Laboratories that already report data in an electronic format to local public health officials could be incorporated into bioterrorism surveillance systems at local, state, national, and international levels -- creating a "network of networks." A principal challenge for laboratory networks is the timely communication of data from collection sites to central surveillance agencies. Efforts are ongoing to address these issues. Specifically, the Laboratory Response Network, which builds on existing laboratory capacity and is currently under active expansion, has been designed with the specific intention of being able to be integrated into surveillance networks (such as the CDC's National Electronic Disease Surveillance System) and communication networks (such as the California initiative to develop a Rapid Health Electronic Alert, Communication, and Training system (RHEACT)). These systems are under development and have not been evaluated.
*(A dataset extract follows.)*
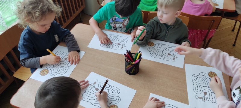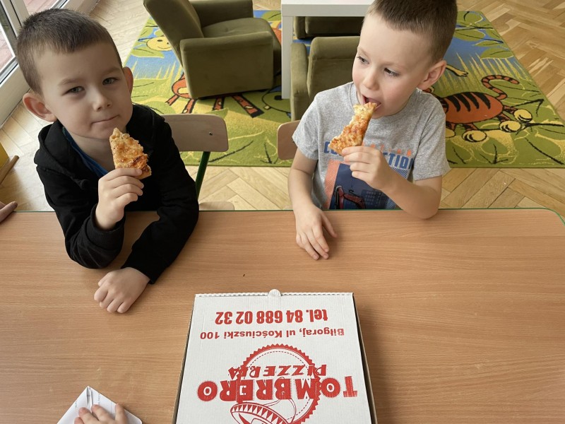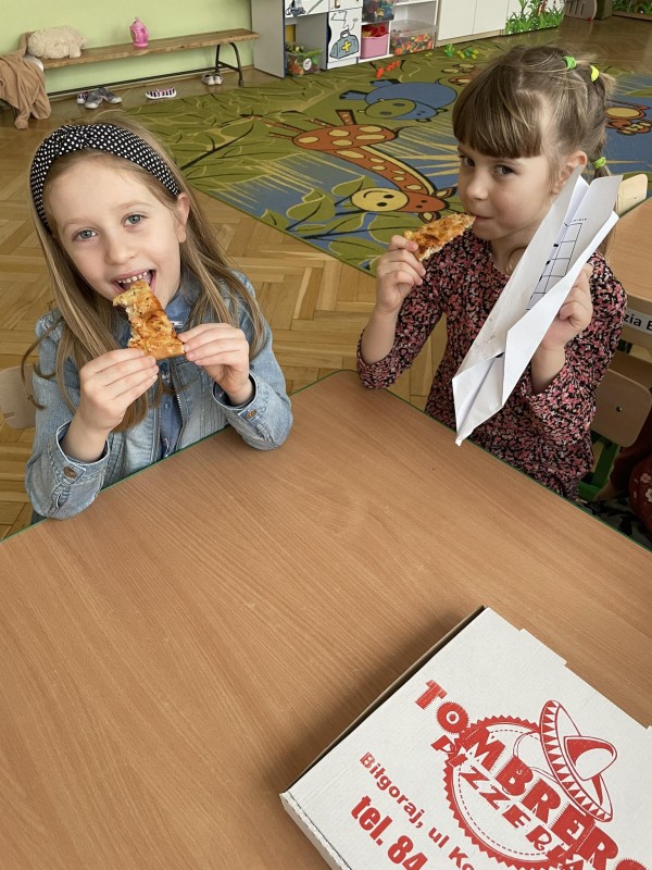 A jaka jest Wasza ulubiona pizza? To pytanie zadaliśmy naszym przedszkolakom. Odpowiedzą na nie było wykonanie swojej ulubionej pizzy na kilka sposobów. Były pizze papierowe, plastelinowe, labirynty. Ale najwięcej radości zapewniła dzieciom degustacja pysznej pizzy w porze podwieczorku.

Hospital-based surveillance
The 16 hospital-based surveillance systems could play 2 roles in the early detection of a covert bioterrorist attack: the identification of a cluster of cases recently admitted suggestive of a community-based outbreak, and the identification of a cluster of cases within the hospital suggestive of in-patients with an unrecognized communicable disease. However, the reports of the surveillance systems for hospital-acquired infections suggest that, although these systems could be a valuable tool for hospital infection control officers, there is little evidence to demonstrate that they have sufficient sensitivity, specificity, or timeliness to detect a community-based bioterrorism event.
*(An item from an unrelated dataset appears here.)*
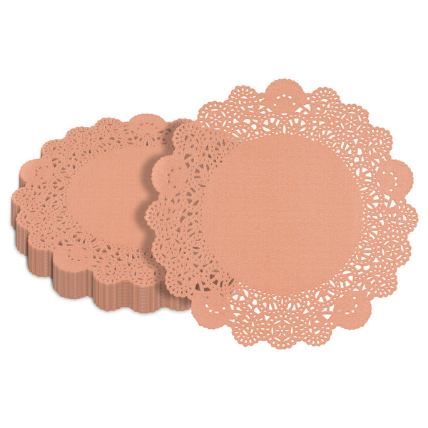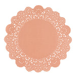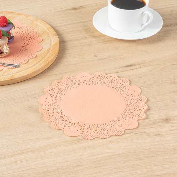 Elevate your dessert displays with our Pastry Tek Round Coral Paper Doilies, perfect for adding an elegant touch to any presentation. Crafted from high-quality paper, these lace doilies provide unparalleled durability, ensuring your desserts remain intact without tearing. Featuring intricate lace-like details, these table doilies not only enhance the visual appeal of your food presentations but also serve as functional barriers, protecting surfaces and absorbing moisture. The coral colored paper doilies complement a wide range of table settings and themes, making them an ideal choice for various events and occasions. These small doilies are disposable, offering a convenient and time-saving solution for busy hosts and food establishments, eliminating the hassle of post-event cleanup. Use these lace doilies under cupcakes, petit fours, macarons, and other small treats to impress your guests. Measuring 8 inches in diameter, these paper doilies fit perfectly into your display settings. Sold in a 100 count box.

Foodborne and zoonotic disease surveillance
Terrorism attacks may be made against food and agriculture production facilities (domestically or abroad), transportation systems, water supplies (for either human consumption or to contaminate food production), farm workers, food handlers, and processing facilities. Similarly, concerns exist that a bioterrorist attack could involve the dissemination of a zoonotic illness among animal populations with the intention of infecting humans or livestock and causing economic and political chaos. We found 6 ITs designed to collect, process and disseminate information on zoonotic and animal diseases, none of which has been described in a peer-reviewed evaluation. Mosquito-borne viruses such as West Nile Virus, St. Louis encephalitis, and Western equine encephalomyelitis are all targets of ongoing zoonotic surveillance programs. Our search found reports of only 2 zoonotic surveillance systems -- a major gap in the literature of bioterrorism surveillance efforts. Most of the reports provided little or no information about the timeliness of these systems; those that did suggest lag times that would be too long for effective bioterrorism surveillance. None has been specifically evaluated for this purpose. In addition, the surveillance systems that collect data on food-borne illnesses and laboratory information about DNA strains of food-borne pathogens are limited in that they only collect routine surveillance data on a small number of pathogens (and do not typically include all of the most worrisome agroterrorism-related agents).
Communication systems
Eight of the 26 communication systems were designed for communication among public health officials at local, state and federal levels (e.g., Web-based discussion and reporting of surveillance data). In pilot evaluations directed by individual state health departments, these systems securely managed the disease reporting needs of local and state public health officials. However, these systems were limited to communication within a state. We found no single system that effectively links members of the public health community at national, state and local levels. However, there are ongoing efforts (such as the Urban Security Initiative project of Los Alamos National Laboratory, EpiX, Health Alert Network and RHEACT) designed to integrate communication of public health information vertically and horizontally within the U.S. public health system. Five systems were designed for the automated communication of information from hospital-based electronic medical records to clinicians (e.g., alerting systems to notify clinicians of abnormal laboratory tests). These systems have been subjected to the greatest evaluation of all the communication systems. Despite being limited to institutions with electronic medical records, they could potentially play an important role in improving the timely recognition of bioterrorism-related illness. Three systems facilitated communication between emergency departments and first-line emergency response personnel. ProMED© has demonstrated the capacity for rapid reporting and dissemination of information on a wide range of infectious diseases resulting from both naturally occurring and bioterrorism-related events. During a bioterrorism event, clinicians must be able to rapidly communicate with their patients. Systems exist that enable Web-based communications between these parties in a manner compliant with the Health Insurance Portability and Accountability Act of 1996 (HIPAA). Robust security measures that ensure patient confidentiality and resist cyberattack will be a necessary component of any bioterrorism-related communication system.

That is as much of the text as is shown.